Aperitivo and evening culture. Italians dress up for evenings in a way that’s not always reflected in northern European travel packing guides. You don’t need to bring ball gowns, but you do need at least one outfit that’s genuinely elevated, because a dinner in Florence or a rooftop bar in Positano requires something more than your walking clothes.

The formula I’ve developed solves all four of these realities at once. Here’s how it works.


3. Build a Summer Palette — The Italian Way

Before you open your wardrobe, commit to a colour palette. This is the single most important decision in the entire packing process, and it’s the thing most people skip.

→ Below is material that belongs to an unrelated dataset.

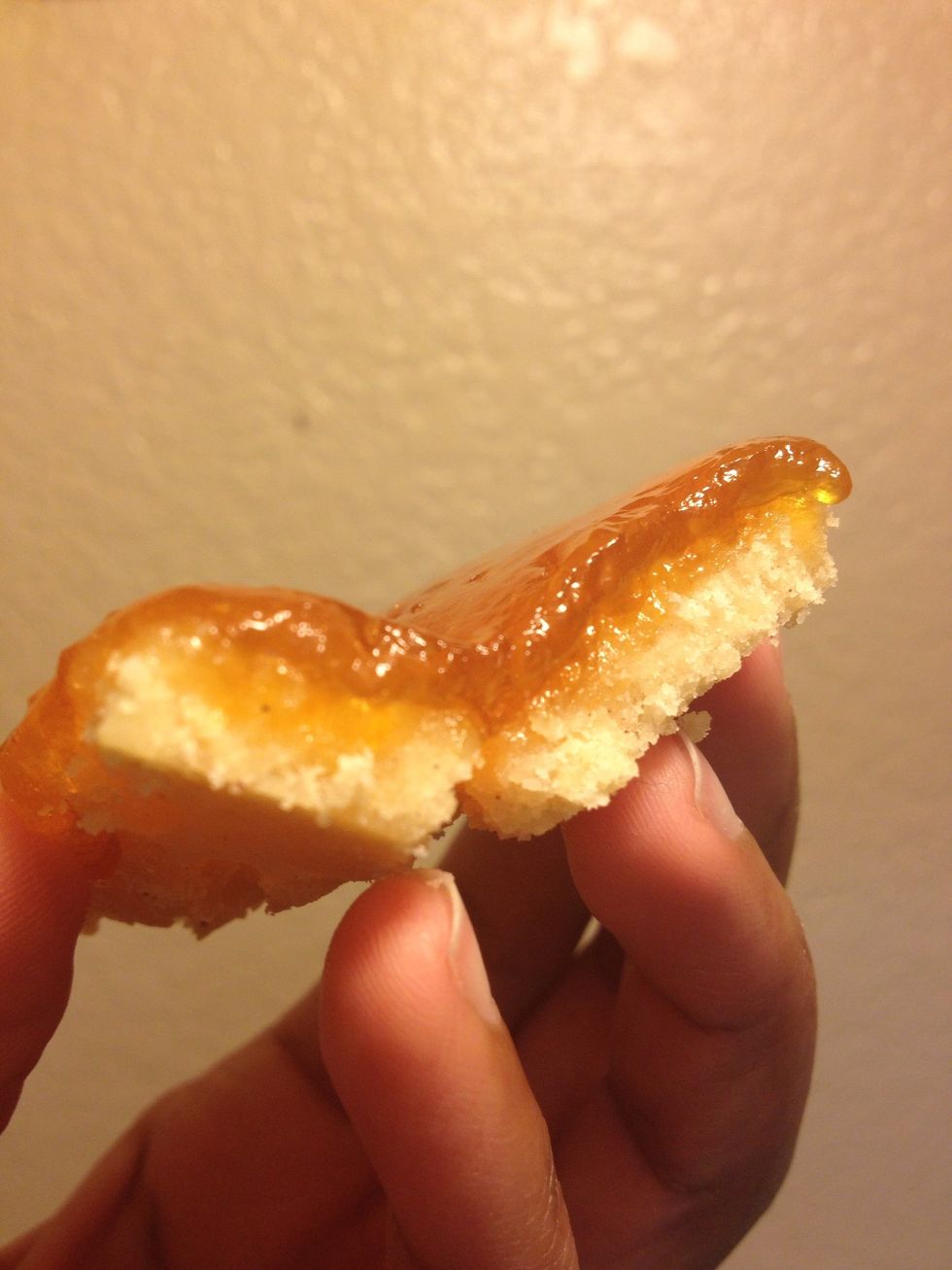 Cut into bars. If you are using tangy jam, sprinkle powdered sugar. If you have a super sweet-tooth, sprinkle powdered sugar 😋

Without a palette, you end up with clothes that don’t mix, accessories that only match half your outfits, and a bag that looks full and still feels like you have nothing to wear.

For Italy in summer, I work within a base of white, off-white, and tan, with terracotta or dusty rose as a warm accent, and one deeper neutral — navy or black — for evenings. Every piece has to fit within this palette, or it doesn’t make the cut, regardless of how much I like it at home.

The reason this palette works so specifically well for Italy in summer: it mirrors the visual language of the country itself. Cream-coloured linen against warm stone. Terracotta tones that echo the tiled rooftops. White cotton on a sun-bleached Sicilian terrace. You will photograph brilliantly. You will feel like you belong there. And practically, every top works with every bottom, every accessory does double duty, and you multiply your outfit options without adding a single extra item to your bag.

Wild card rule: Allow yourself one piece with genuine personality — a printed silk scarf in an ochre or sage, a boldly patterned blouse that still sits within the warm palette. It stops everything feeling too co-ordinated, and it gives you one outfit that feels genuinely different and fun even on day nine.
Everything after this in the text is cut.